Her smile died, turning into the face she made when she was trying hard not to cry.  “This thing can’t keep a charge for ten minutes, but I’ll never get rid of it.  I didn’t find this until after he passed.”

She pushed some buttons, and then the sound of Jared’s voice came out of the phone.  “Hey sis.  I know you’re upset with him, but trust me when I tell you he regrets everything he said.  Just give me a call.  We’ll talk it out, okay?  The Vega brothers love you, sis.  Never doubt it.”

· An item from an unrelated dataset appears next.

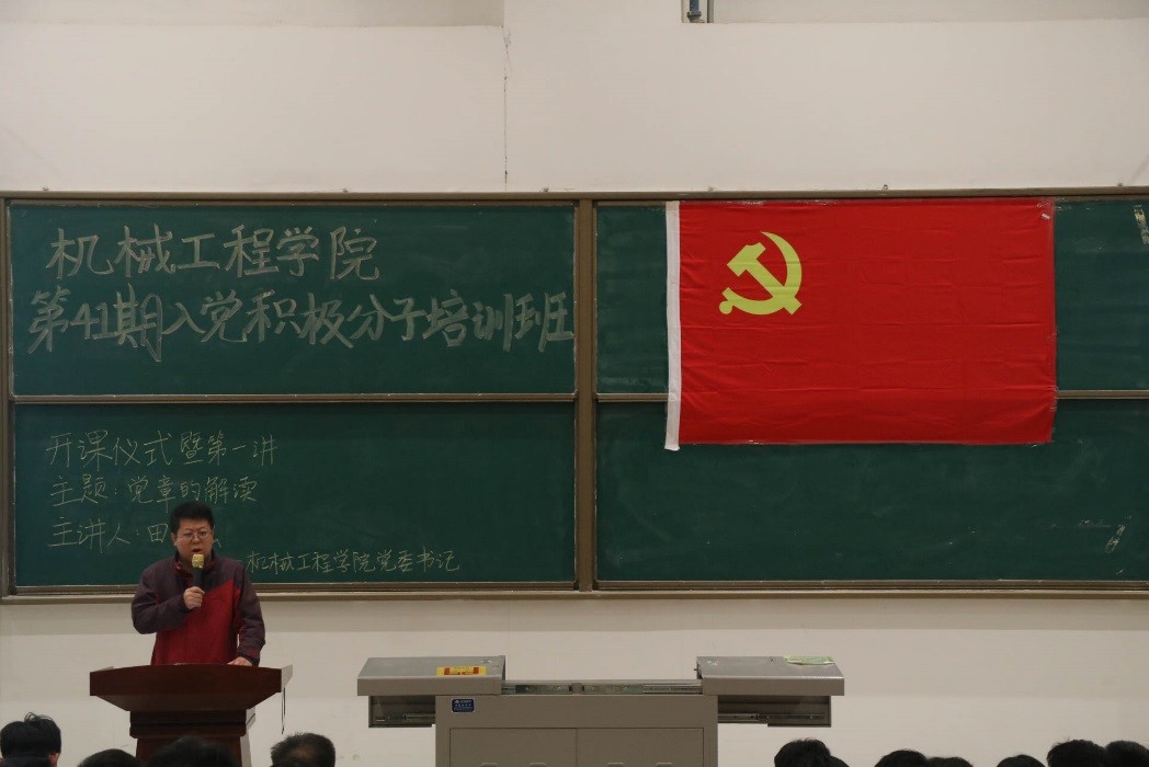 为提高公司入党积极分子的党性修养,严肃党的组织生活制度,提升积极分子学习的主动积极性,根据公司党委的统一安排, 10月29日晚,yl8cc永利官网在鄠邑校区石工地科楼115教室举行第41期入党积极分子培训班开班仪式暨第一次集中授课。公司党委书记田党宏为全体入党积极分子授课,团委员工会指导老师邱迪参加并宣读党课纪律与要求,开班仪式由院团委书记文爱国主持。

That one gutted the room, and no one talked for a long while.  Even with the way it’d hurt, it’d still felt so damn good to hear his voice.

“Remember that night he and I got completely blitzed at the sportsbook in the Cavendish casino?” Danika finally spoke to say.  “We had so much fun.  He was always so much fun.”

Frankie smiled, mascara trails all over he pretty face.  “I remember that night.  You were off with Jared, while Tristan and I complained, for hours, about how crazy women are.  Your name might have come up a time or two, in the crazy column.”

She rolled her eyes.  “I’m sure I took up most of the crazy column.  Hell, I probably had my own page.”

I’d pieced together every video ever taken of Jared years ago.  There were only a few of us as kids, but thank God there had been several years worth of camera phones before he’d passed.  That made up the bulk of it.  We watched them all, then told some more stories.

It was a good day of remembering.  It hurt, sure, it would never stop hurting, but it was better with her there.  Everything was.

I’d missed a few calls over the hours we’d been reminiscing and had a few messages.  I grimaced when I saw that one was from Mona, and I almost just erased it.  I’d gotten her contracted to another act in two months, and she was not happy about it.  But she’d been acting strange since Danika and I had gotten back together, and it made me realize not to trust her, to in fact keep my distance, and that’s what I was doing.

Still, I listened to it, because it was unusual for her to leave a message.  I was a little stunned at what I heard.  And sad.  What were the odds, on today of all days?

I went to sit back with the group.  “Tony Biello just died,” I said numbly.  I knew the numbness wouldn’t last.  He’d been a mentor to me, a father figure.  He’d been scheduled to make a guest appearance in a few weeks.  “I guess I shouldn’t be this shocked.  He retired his act because his health was bad.”